Task input =>
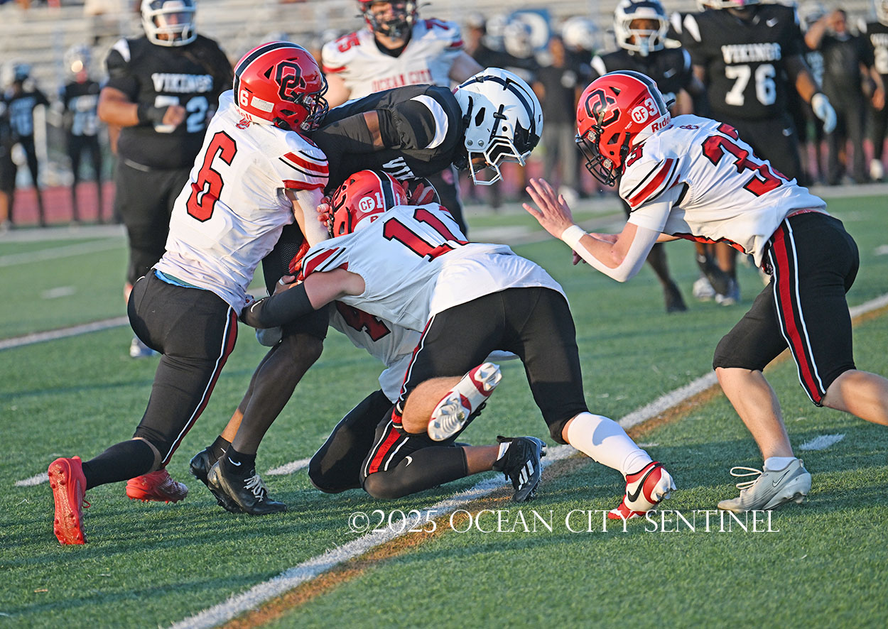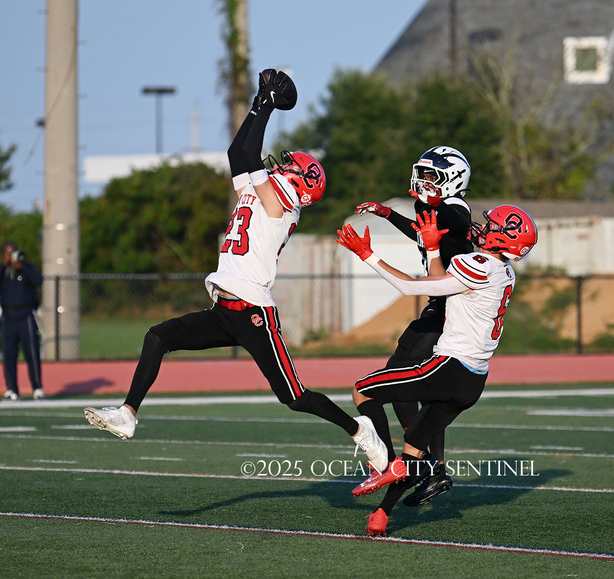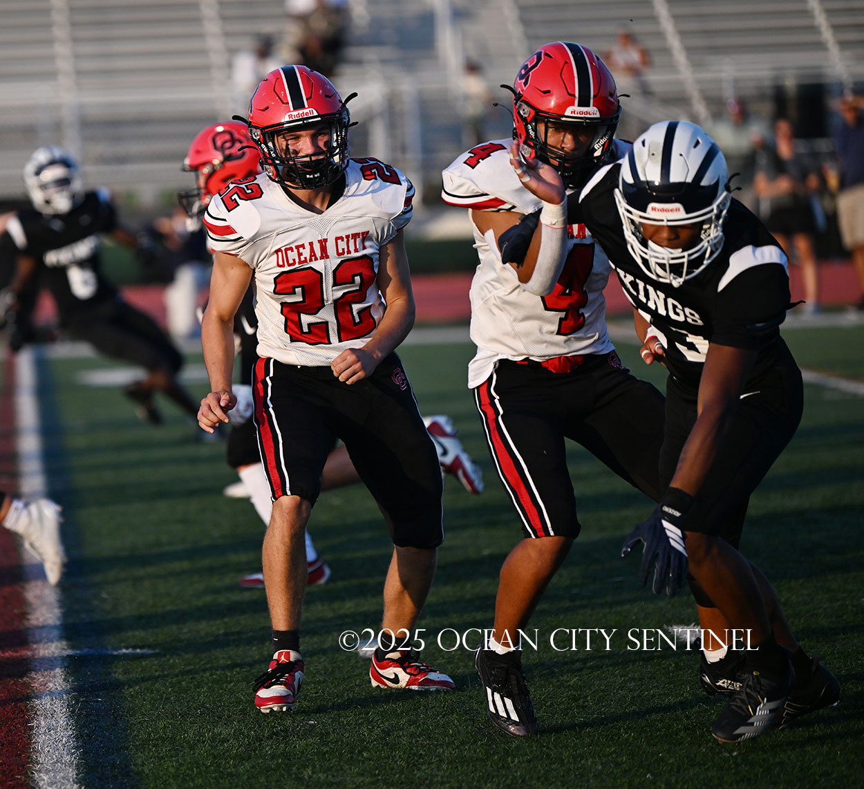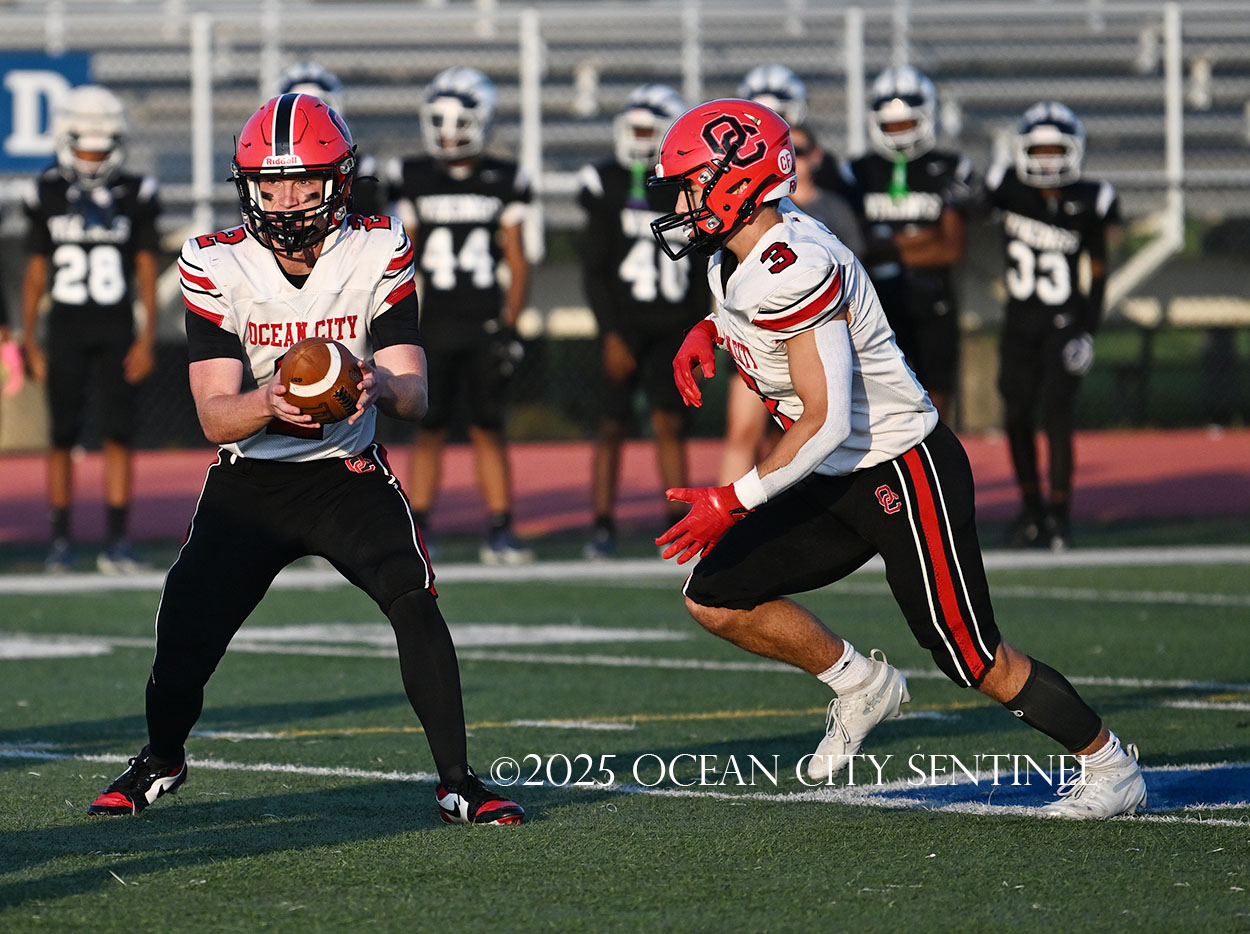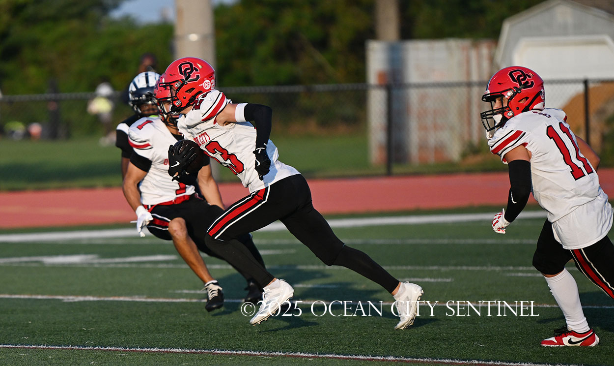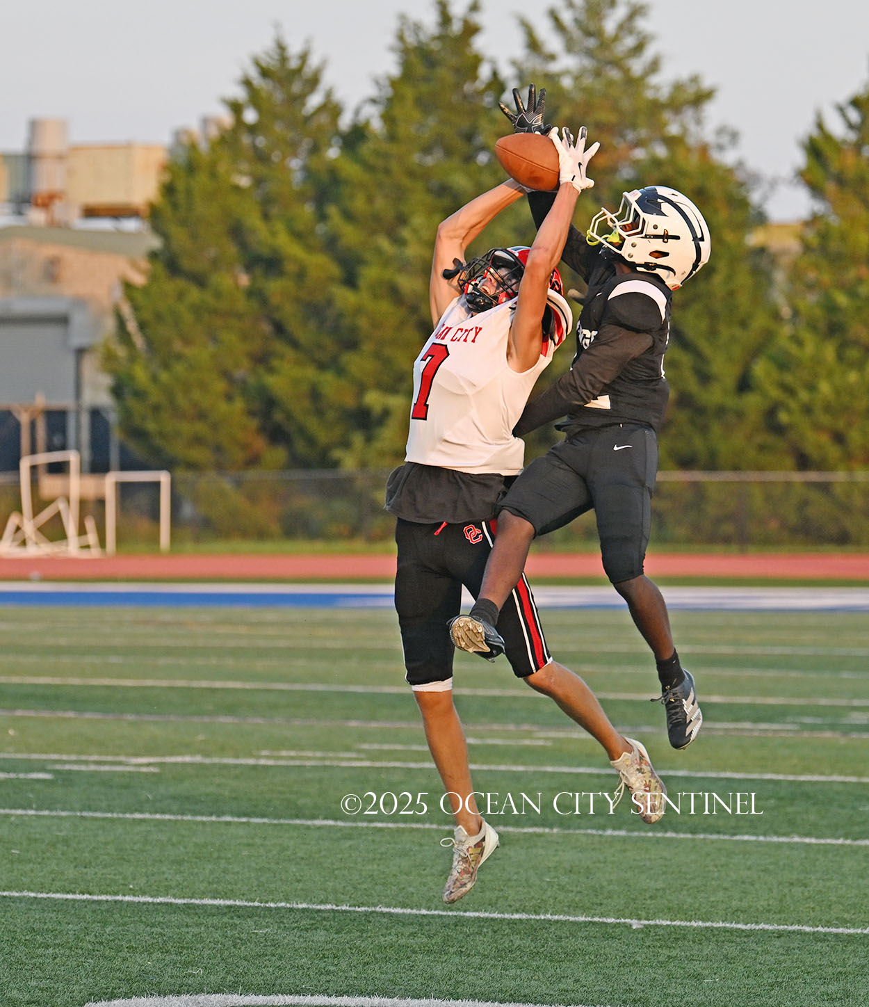 Ocean City’s Becker had 122 yards passing but tossed multiple interceptions, while running back Schmidt was limited to 34 yards on the ground and Compton led the Red Raiders with 55 yards receiving.
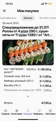 - Промокод дает право на скидку до 67% на суши-сеты от "ArtSushi"
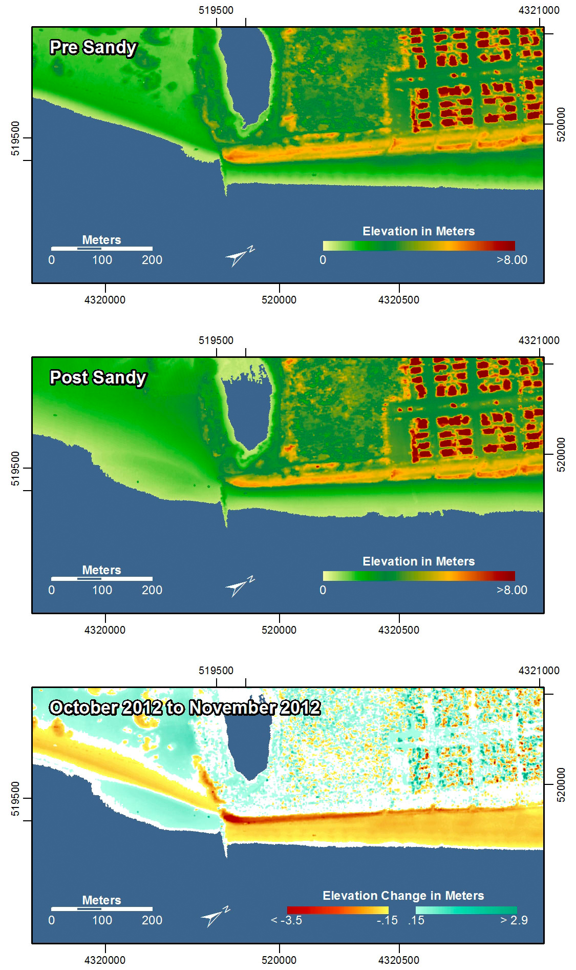 Pre-storm elevation map, post-storm elevation map, and elevation difference map of Stone Harbor Point, New Jersey. On the right side of the image, north of the groin, the beach and seaward facing edge of the dunes were eroded, showing a typical example of the collision regime. On the left, south of the groin, the beach was flattened and widened by storm surge and waves overwashing the area.
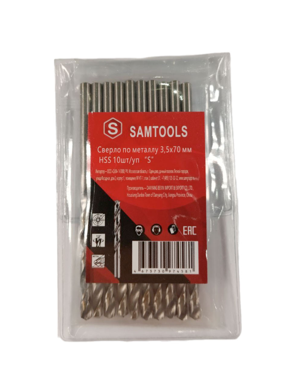 Спиральное (винтовое) сверло по металлу HSS 3.5х70 мм (10 штук в упаковке) Samtools от Samgrupp - расходное комплектующее для электроинструмента, применяемое при высверливании отверстий в металлах и стали. Выполнено из полированной HSS стали.В каталоге нашей компании представлены сверла разных размеров.
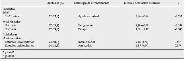 Respecto a las variables demográficas, se encontraron diferencias significativas en el uso de la información como estrategia de afrontamiento (U = 206,5; p < 0,05) de acuerdo con la ocupación del cuidador; se observa que los cuidadores en situación de desempleo adoptaron esta estrategia con más frecuencia (2,34 ± 0,98). La tabla 2 presenta las correlaciones significativas halladas entre otras características demográficas de los cuidadores y los pacientes y las estrategias de afrontamiento. El incremento en la puntuación (1-4) indica mayor frecuencia de uso de la estrategia de afrontamiento.
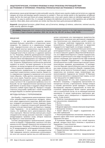 Статья: АНАЛИЗ ОПЫТА ЗАРУБЕЖНЫХ СТРАН В БОРЬБЕ С МЕЖДУНАРОДНЫМ ТЕРРОРИЗМОМ (2023)
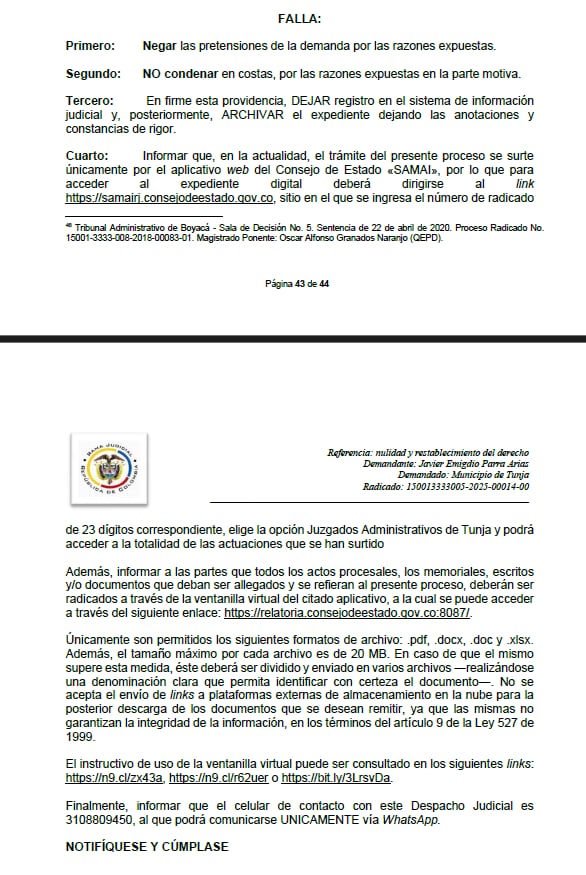 El fallo también dispuso no condenar en costas, al no evidenciarse que estas se hubieran causado durante el proceso, y ordenó archivar el expediente una vez la decisión quede en firme. El trámite judicial se continuará gestionando a través del sistema digital SAMAI del Consejo de Estado, donde las partes podrán consultar las actuaciones del proceso identificado con el radicado 15001-3333-005-2025-00014-00.
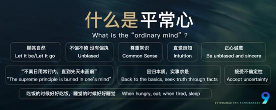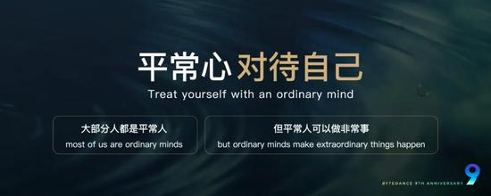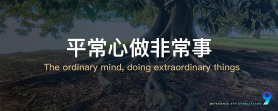 3月30日,在公司9周年庆上,字节跳动创始人张一鸣发表了演讲《平常心做非常事》,分享了他对于“平常心”的思考:如何以平常心对待自身、公司业务、行业竞争、成功和失败。
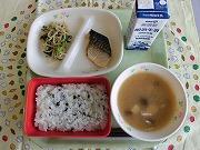 今日の献立は、「ごはん いわしの胡麻味噌煮 切り干し大根の煮物 若竹汁 牛乳」でした。
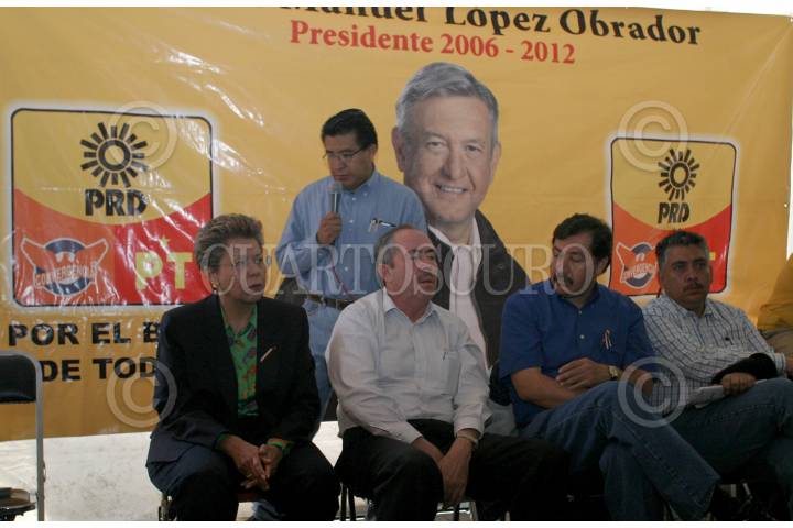 MEXICO, D.F. 28AGOSTO2006.- Horacio Duarte, Socorro Díaz, Leonel Cota Montaño, presidente nacional del PRD, Gerardo Fernandez Noroña y Guadalupe Acosta durante la conferencia que ofrecieron a los medios de comunicación en una carpa del plantón en el zócalo. FOTO: Nelly Salas/CUARTOSCURO.COM

Task details => Treating the line with "- Промокод дает" as the last line to include, retype the records exactly from their first line, excluding pictures.

Result of the exercise =>
 Ocean City’s Becker had 122 yards passing but tossed multiple interceptions, while running back Schmidt was limited to 34 yards on the ground and Compton led the Red Raiders with 55 yards receiving.
 - Промокод дает право на скидку до 67% на суши-сеты от "ArtSushi"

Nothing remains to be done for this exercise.